Studies have shown that HS and CD share the same type of deregulation of immunity mechanisms, with significant increase in some IL, the main ones being IL-1, IL-6, IL-17, IL-23, and TNF-α (5, 24, 25). Giudici et al. (7) compared inflammatory changes in HS lesions and CD fistula in three patients, evidencing some similarities, such as accumulation of CD161+ T lymphocytes (associated with Th17, Th17/1, and non-classical Th1 phenotypes), and may establish a possible association between both diseases. Janse et al. (14) performing genetic evaluation, detected 2 genes (SULT1B1 and SULT1E1) associated with risk of combined HS and IBD and 1 gene (ELOVL7) as a protective gene. The similarities in relation to clinical, histological, immune dysregulation, genetic and treatment response characteristics make the association between CD and HS very acceptable (5). Marzano et al. (26) conducted a whole-exome sequencing study of syndromic HS patients with coexisting gut and/or joint inflammation, detecting 3 genetic variants in NOD2 gene in patients with PASH and gut inflammation. It is well-known that NOD2 gene variants are classically associated with CD (27).

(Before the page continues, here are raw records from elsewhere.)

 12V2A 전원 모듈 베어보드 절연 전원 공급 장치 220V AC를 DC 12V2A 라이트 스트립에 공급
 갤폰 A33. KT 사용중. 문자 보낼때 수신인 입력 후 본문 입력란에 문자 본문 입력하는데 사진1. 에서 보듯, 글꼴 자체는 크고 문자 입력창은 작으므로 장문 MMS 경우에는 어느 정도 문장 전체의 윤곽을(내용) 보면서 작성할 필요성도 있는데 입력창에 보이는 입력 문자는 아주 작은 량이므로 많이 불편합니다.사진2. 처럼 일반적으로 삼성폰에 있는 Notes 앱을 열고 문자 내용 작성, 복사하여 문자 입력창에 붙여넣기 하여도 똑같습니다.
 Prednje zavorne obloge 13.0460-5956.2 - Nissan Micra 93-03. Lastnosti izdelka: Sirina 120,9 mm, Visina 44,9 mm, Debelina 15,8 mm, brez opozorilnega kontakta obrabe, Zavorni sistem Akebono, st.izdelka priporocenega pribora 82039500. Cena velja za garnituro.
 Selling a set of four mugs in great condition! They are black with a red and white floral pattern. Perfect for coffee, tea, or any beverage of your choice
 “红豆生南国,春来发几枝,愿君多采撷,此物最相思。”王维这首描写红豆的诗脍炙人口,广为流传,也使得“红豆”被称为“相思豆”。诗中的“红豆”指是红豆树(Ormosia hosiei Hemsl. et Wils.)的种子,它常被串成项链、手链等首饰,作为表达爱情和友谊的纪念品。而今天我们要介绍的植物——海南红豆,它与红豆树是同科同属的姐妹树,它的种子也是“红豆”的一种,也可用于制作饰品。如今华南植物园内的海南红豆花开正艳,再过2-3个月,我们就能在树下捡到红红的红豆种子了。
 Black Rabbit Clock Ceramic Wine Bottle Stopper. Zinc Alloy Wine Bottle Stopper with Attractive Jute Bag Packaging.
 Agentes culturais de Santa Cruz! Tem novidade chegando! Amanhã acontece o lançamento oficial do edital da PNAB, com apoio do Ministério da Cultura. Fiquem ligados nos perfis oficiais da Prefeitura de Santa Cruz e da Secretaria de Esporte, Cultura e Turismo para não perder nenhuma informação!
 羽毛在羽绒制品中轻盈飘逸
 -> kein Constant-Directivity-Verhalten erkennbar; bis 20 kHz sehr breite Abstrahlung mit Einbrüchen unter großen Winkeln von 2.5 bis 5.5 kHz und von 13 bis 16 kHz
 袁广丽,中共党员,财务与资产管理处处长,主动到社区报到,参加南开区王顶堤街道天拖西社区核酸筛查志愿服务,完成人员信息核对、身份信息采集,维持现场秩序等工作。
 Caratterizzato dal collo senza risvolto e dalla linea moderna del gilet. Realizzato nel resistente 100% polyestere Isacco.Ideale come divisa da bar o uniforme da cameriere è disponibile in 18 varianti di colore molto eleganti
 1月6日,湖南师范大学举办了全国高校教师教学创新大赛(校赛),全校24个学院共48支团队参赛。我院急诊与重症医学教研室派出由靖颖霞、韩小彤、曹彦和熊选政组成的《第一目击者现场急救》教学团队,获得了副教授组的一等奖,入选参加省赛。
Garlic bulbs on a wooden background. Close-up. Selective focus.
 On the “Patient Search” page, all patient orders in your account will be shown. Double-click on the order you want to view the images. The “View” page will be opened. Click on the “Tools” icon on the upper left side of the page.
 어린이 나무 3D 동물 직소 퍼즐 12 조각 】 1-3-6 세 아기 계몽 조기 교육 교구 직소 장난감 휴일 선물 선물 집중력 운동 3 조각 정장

Extraintestinal manifestations of inflammatory bowel diseases
EIM is defined as an inflammatory pathology in a patient with IBD located outside the intestine and whose pathogenesis depends on the extent/translocation of immune responses of the intestine, or is an independent inflammatory event perpetuated by IBD or that shares with it a common environmental factor or genetic predisposition (16).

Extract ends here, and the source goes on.